Informasi dihimpun Radar Sampit, banjir terjadi di Kabupaten Kotawaringin Timur, Kotawaringin Barat, Lamandau, Katingan, dan Gunung Mas. Ketinggian air bervariasi. Bahkan, ada yang mencapai satu meter lebih hingga menenggelamkan rumah warga. Bencana itu disebabkan tingginya curah hujan yang membuat air sungai meluap.
Di Kotim, banjir parah terjadi Desa Tewai Hara, Kecamatan Bukit Santuai. Sungai Kuayan yang meluap merendam sejumlah rumah warga. Bahkan, ketinggian banjir sempat mencapai sekitar satu meter pada Minggu (22/8).
Kepala Badan Penanggulangan Bencana Daerah (BPBD) Kotim M Yusuf melalui Kasi Kedaruratan dan Logistik Yephi Hartadi mengatakan, pihaknya mendapat informasi terkait wilayah yang terdampak banjir dari Camat Bukit Santuai pada Minggu sore. ”Camat Bukit Santuai menginformasikan Desa Tewai Hara dilanda banjir,” ujarnya, Senin (23/8).
Pihaknya masih menunggu informasi dari aparatur kecamatan dan desa setempat untuk mengetahui jumlah rumah maupun kepala keluarga yang terdampak banjir. ”Kami belum terima data lengkapnya, karena masih menunggu informasi dari pihak kecamatan,” katanya.
Yephi berharap curah hujan dengan intensitas tinggi tidak lagi terjadi agar banjir tak meluas ke desa lainnya. ”Kami berharap debit air yang menggenangi desa mulai surut,” ucapnya.
Wakil Bupati Kotim Irawati mengatakan, Desa Tewai Hara kerap jadi langganan banjir saat musim hujan. Menurutnya, air mudah surut karena bencana itu merupakan banjir kiriman.
”Kami akan lihat lagi ke depannya. Apabila tidak surut atau berdampak terhadap masyarakat sekitar, insya Allah kami akan ke sana untuk melihat,” ujarnya. Apabila banjir terus melanda, pihaknya akan memberikan bantuan suplai obat-obatan maupun bahan kebutuhan pokok yang diperlukan oleh masyarakat.
Dia menuturkan, intensitas hujan tinggi memang sering menyebabkan banjir dj beberapa wilayah di Kotim.
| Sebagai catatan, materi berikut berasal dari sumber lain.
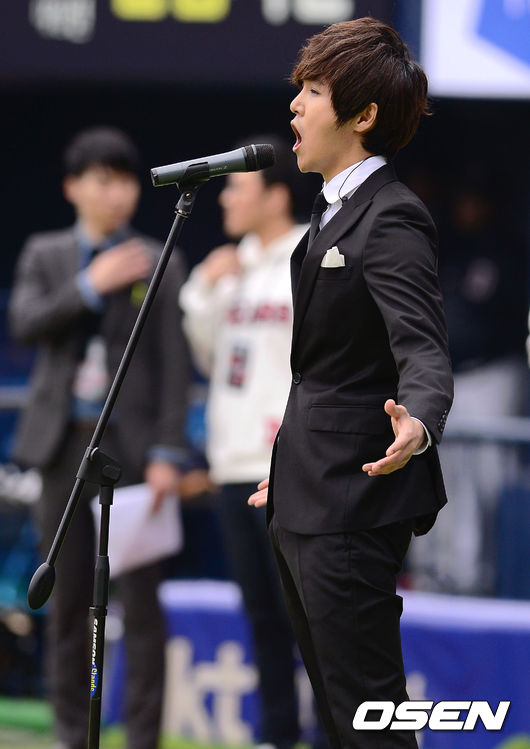 29일 오후 서울 잠실구장에서 열린 '2014 한국야쿠르트 세븐 프로야구' 두산 베어스와 LG 트윈스의 경기에 앞서 가수 정동하가 애국가를 제창하고 있다
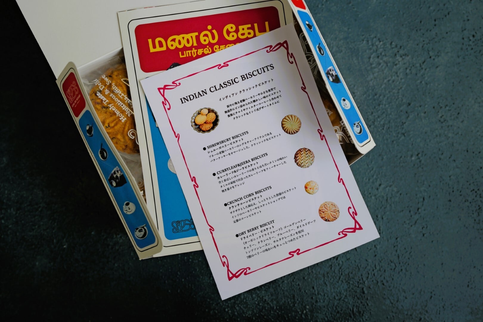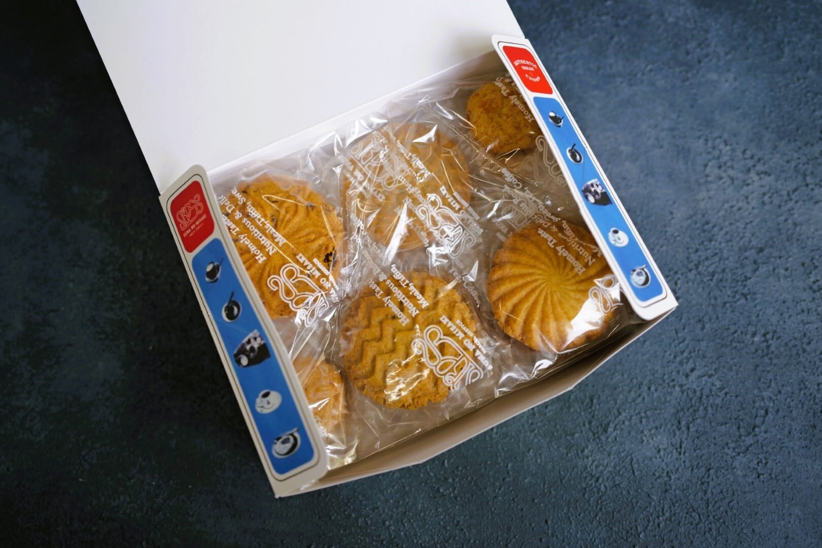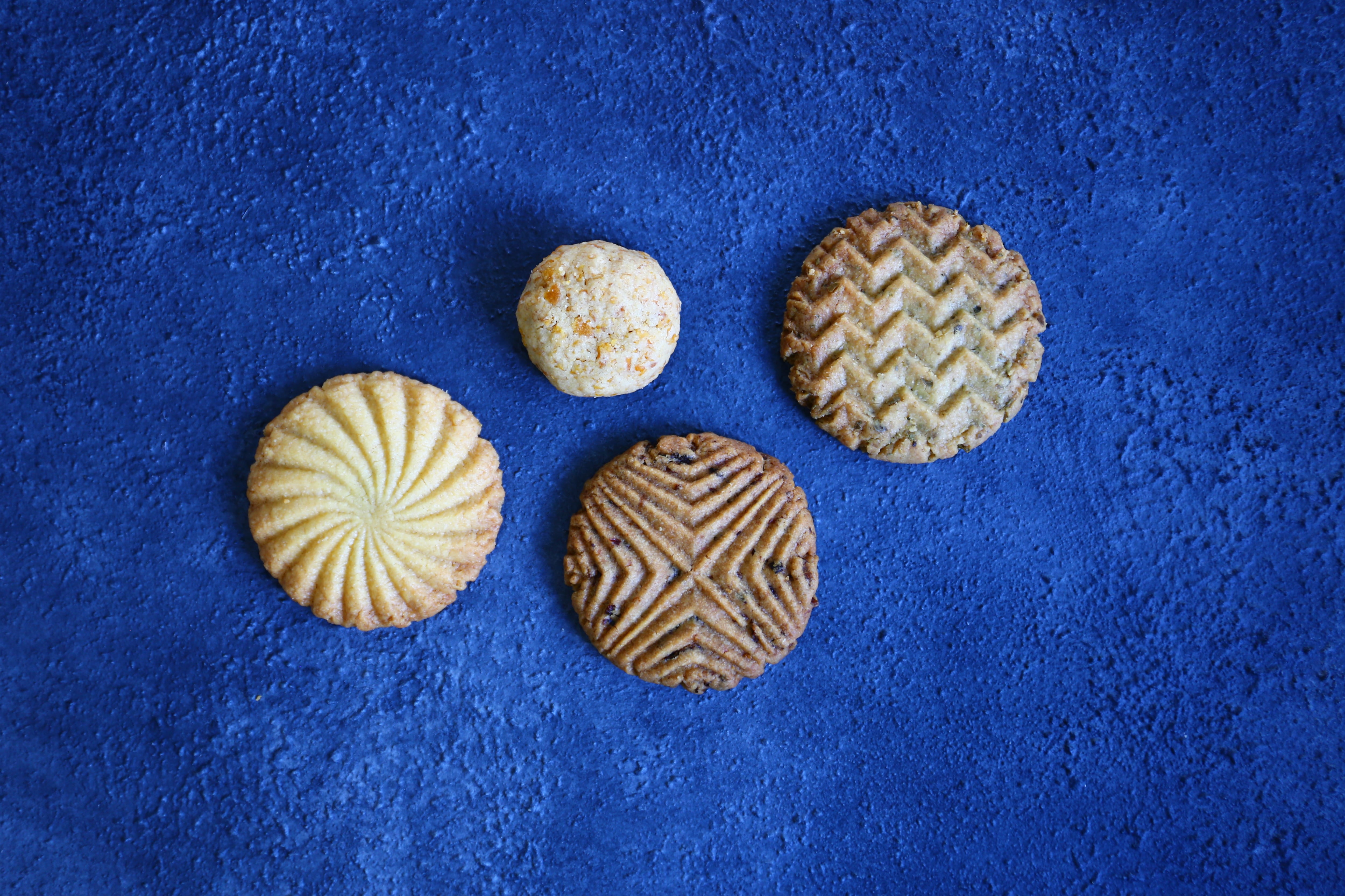 シュルーズベリービスケット×5、カレーリーフ&ジーラビスケット×5、クランチコーンビスケット×5、ドライベリー・ビスケット×5
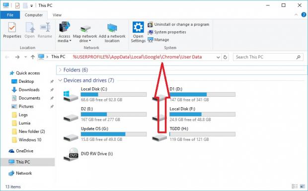 Bước 2: Nhập vào thanh địa chỉ: %USERPROFILE%AppDataLocalGoogleChromeUser Data.
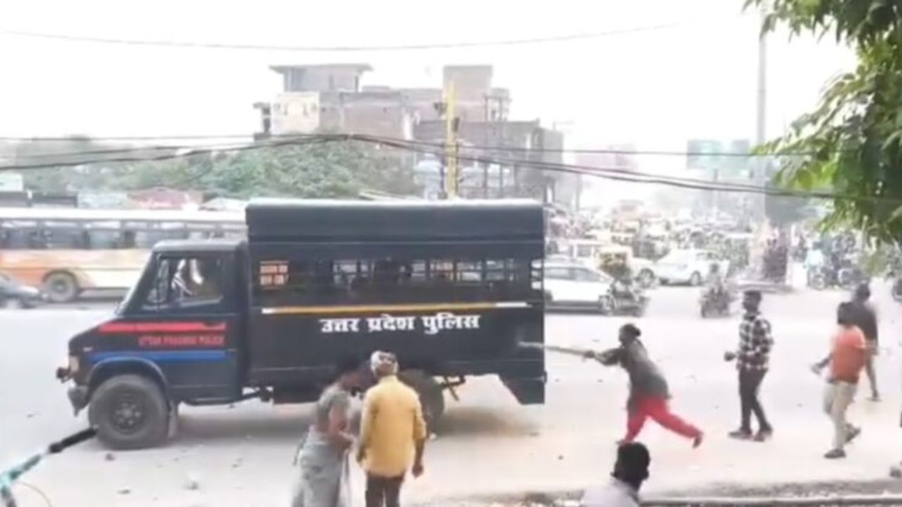 पुलिस ने जब शव हटाने का प्रयास किया, तो धक्कामुक्की शुरू हो गई। गुस्साए ग्रामीणों ने पुलिस वैन पर ईंट-पत्थर बरसाने शुरू कर दिए। वैन के अंदर छिपे पुलिसकर्मी खुद को बचाने की कोशिश करते नजर आए। एक वीडियो में साफ दिख रहा है कि भीड़ ने वैन का आगे का शीशा तोड़ दिया और अंदर बैठे जवानों पर पत्थर फेंके।
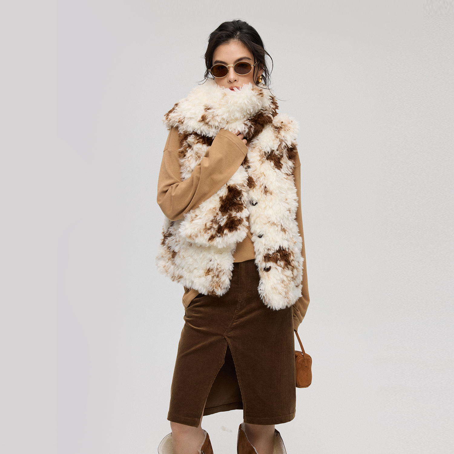 ZzZHANG|Du家挚献_秋冬混色印染环保防皮草摩登廓形马甲女+围巾
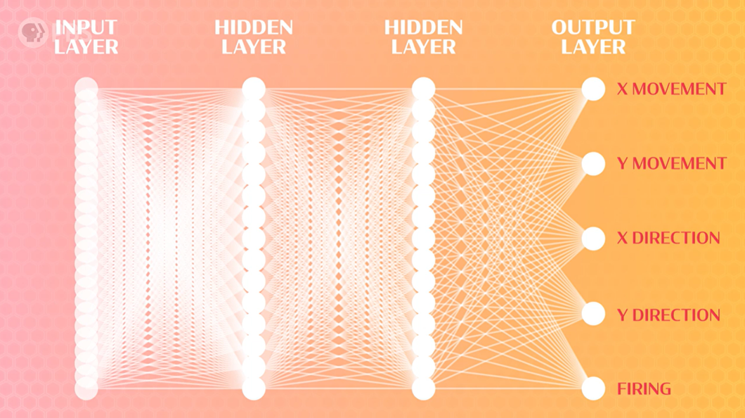 对于输出层,总共会有5个节点:一个用于移动的 X 和 Y 坐标节点,一个用于瞄准的 X 和 Y 方向节点,以及一个用于决定是否发射光束的节点。

Apalagi jika hujan dengan intensitas tinggi terjadi selama dua hari berturut-turut.
”Kalau hujan dengan intensitas tinggi, pastilah (banjir), karena terjadi pasang surut. Sama saja di sini (Kota Sampit, Red) juga bisa begitu. Jadi, kalau hujan deras, apalagi sampai satu-dua hari, pasti akan banjir. Ini terjadi setiap tahun, tak bisa dimungkiri,” katanya.
Lebih lanjut dia mengatakan, pemerintah desa maupun kecamatan telah melaporkan kondisi banjir di wilayah itu. Sejauh ini masih bisa tertangani. ”Sejauh mereka masih bisa menangani, kami serahkan dulu ke mereka. Biasanya mereka akan lapor ke kami kalau tidak bisa menangani. Laporannya sejauh ini tidak ada korban, cuma air pasang,” jelasnya.
Di Kotawaringin Barat, banjir akibat luapan Sungai Arut semakin meluas. Setelah mengancam ratusan jiwa warga Desa Sambi, kini permukiman warga di Desa Sungai Dau, Kecamatan Arut Utara, dikabarkan ikut diterjang banjir, Senin (23/8). Tak hanya itu, banjir dikhawatirkan ikut melanda Desa Gandis, Pandau, dan Desa Panahan.
Hujan yang turun berkepanjangan, membuat ketinggian air yang merendam rumah dan fasilitas jalan, serta sarana ibadah yang awalnya hanya selutut orang dewasa, naik dengan cepat hingga mencapai 150 sentimeter.
Di Desa Sungai Dau, kedalaman air mencapai pinggang orang dewasa. Warga terpaksa mulai dievakuasi ke tempat yang lebih aman oleh tim gabungan, baik dari BPBD Kobar, TNI, dan Polri.